Understanding Yale and its History with Slavery

October 19, 2020

Understanding Yale and its History with Slavery

President Peter Salovey has announced a year and a half study of Yale and its history with slavery.  The project will include a working group of faculty, staff, librarians, research assistants, and community members. The effort is chaired by David Blight, GLC director, and it will be administered and conducted by the staff of the GLC in conjunction with the President’s office and numerous departments at Yale.

YALE’S OFFICIAL STATEMENT:
To understand where we are today and to move forward as a community, we must study the history of our university. As an American institution that is 319 years old, Yale has a complex past that includes associations, many of them formative, with individuals who actively promoted slavery, anti-Black racism, and other forms of exploitation. We have a responsibility to explore this history, including its most difficult aspects; we cannot ignore our institution’s own ties to slavery and racism, and we should take this opportunity to research, understand, analyze, and communicate that history.

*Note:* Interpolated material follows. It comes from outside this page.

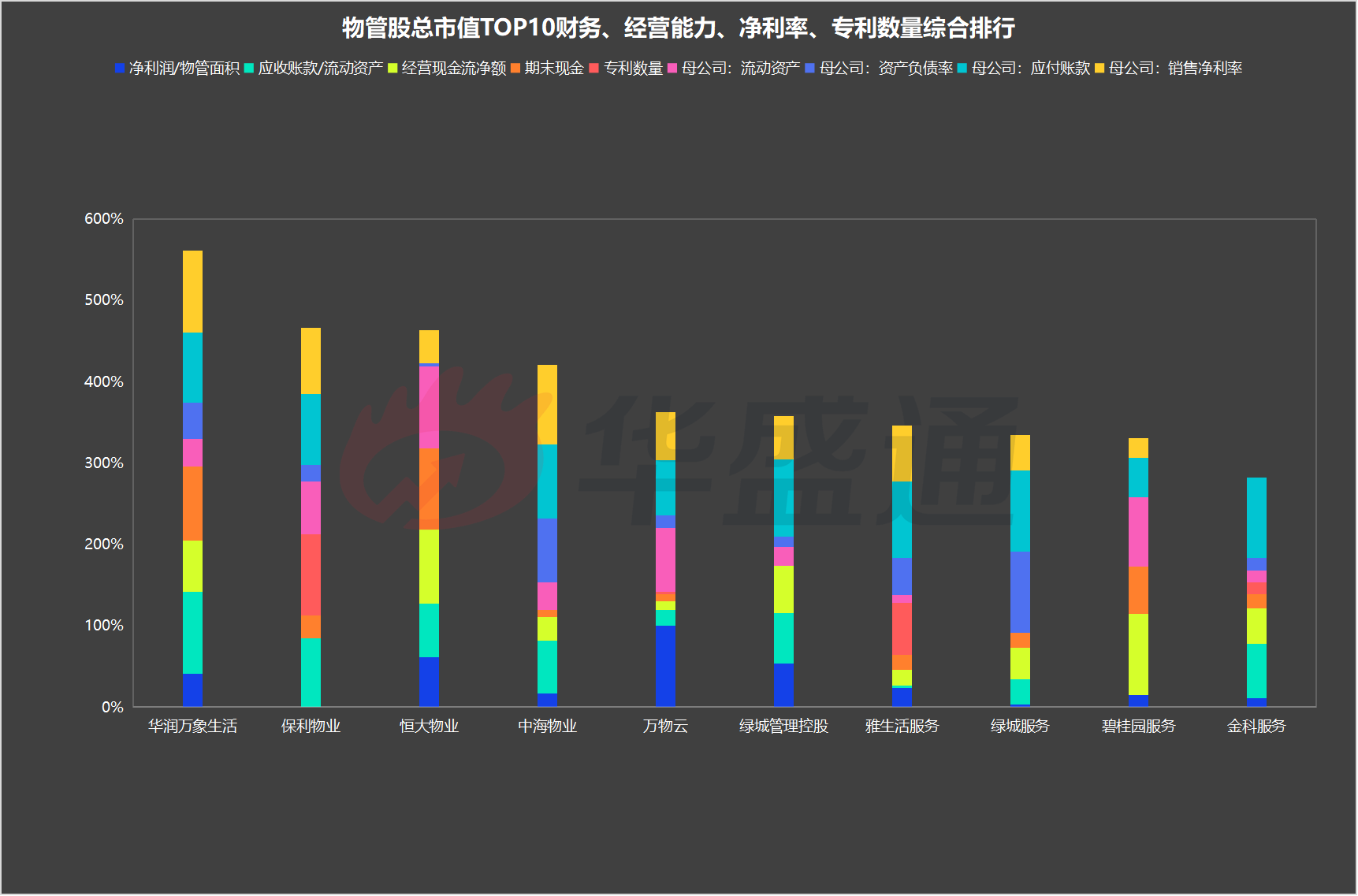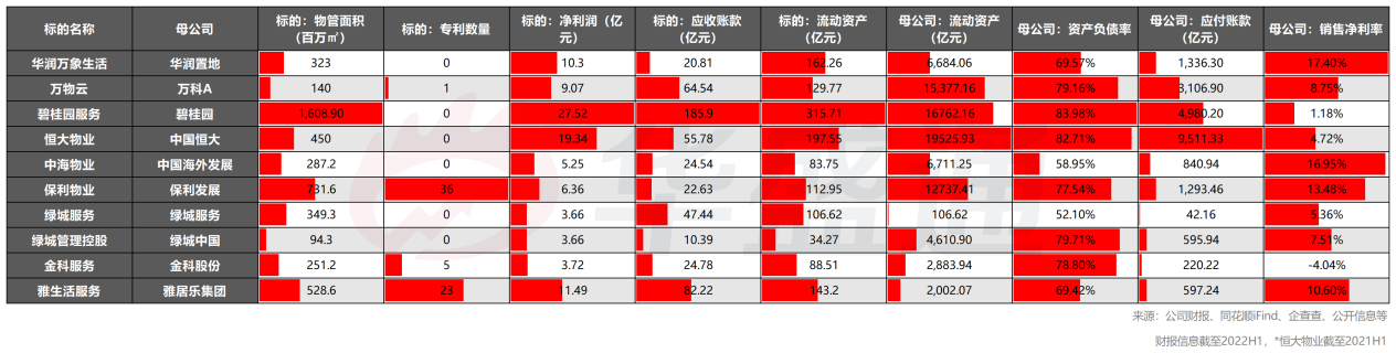 我们筛选了物管股的市值TOP10;再根据他们在不同维度上表现的分位打分,包括母公司流动资产、资产负债率、应付账款、净利润率,以及物管公司的应收账款/流动资产、净利润率/物管面积、经营现金流、期末现金净额这几个指标;拥有的专利数量则是财务指标外的加分项。在这方面,应收账款、应付账款以及资产负债率会导致扣分。

Professor David Blight, Sterling Professor of History, of African American Studies, and of American Studies, has agreed to lead a thorough examination of Yale’s historical entanglements with slavery and connections to abolition that will be made public for discussion, remembrance, memorialization, and learning. To complete this work, Professor Blight will use the resources of the Gilder Lehrman Center for the Study of Slavery, Resistance, and Abolition, and reach out to scholars associated with the Department of African American Studies; the Department of History; the Program in Ethnicity, Race, and Migration; the Center for the Study of Race, Indigeneity, and Transnational Migration; and other units. A working group of faculty, staff, librarians, and community members is being organized to oversee the project. Several student research assistants will be enlisted to examine documents and materials in Yale archives and other research collections. The project will aim to complete its work and produce a written assessment by the end of the 2021 calendar year.